The scene has changed; prince and people have passed away: those forest-trees which looked so beautiful in the long summer's afternoon have mouldered in the dust, and all their blithe choristers have ceased their silver warblings; the clouds have departed, and the sweet jessamine and luxuriant vine have alike dropped into forgetfulness. We are beneath another sky, and stand on different ground. It is the autumn of 1737, and the winds sweep over this Austrian land, onwards to the mountains of Switzerland: it is the small village of Rohrau, fifteen leagues from Vienna.

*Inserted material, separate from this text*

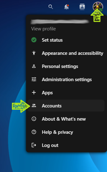 - Click the profile icon in the top-right corner and select Accounts.
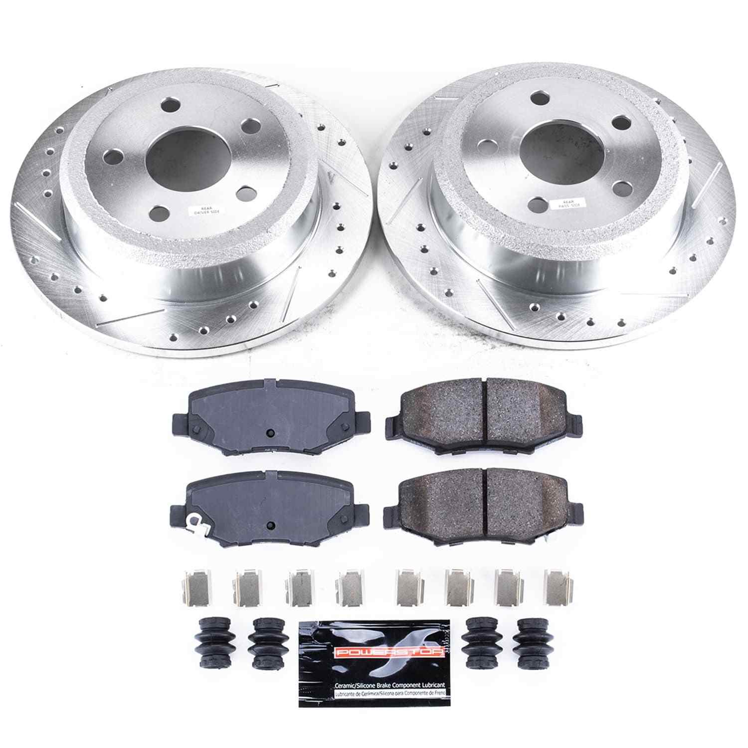 Power Stop - Rear Z23 Daily Driver Carbon-Fiber Ceramic Brake Pad and Drilled & Slotted Rotor Kit

See how the

setting sun throws its last gleams on yonder cottage; that cottage is the home of hallowed peace; within its little parlour are gathered together the loved ones of parental affection; the father touches the harp's vibrating strings, and the mother sings to the issuing notes: there is a child there, gazing fondly into its mother's face; the sunset of the Sabbath-day puts on a more solemn grandeur-the twilight deepens, and yet the holy hymn ceases not; it increases in its magnificence of meaning; now and then a leaf rustles to the earth, first sounding against the lattice window. The father and the mother, and that child of whom we spoke, catch the pensive melodies of nature; the anthem rolls upwards; the leaves drop faster; the winds ever and anon gush loudly, then sink in "dying falls;" the purple and the grey colouring of the western sky fades into a duskier hue; the stars twinkle, then disappear, then twinkle out again. The music of that home arises in deeper harmony and intenser beauty; the heart is moved, and it throbs with immortality: that child throws itself upon its mother's bosom, and weeps wild tears of ecstasy. Mark that child, for he will thrill the world; and the time will come when the recollection of this scene will give a diviner grandeur to his everlasting bursts of song.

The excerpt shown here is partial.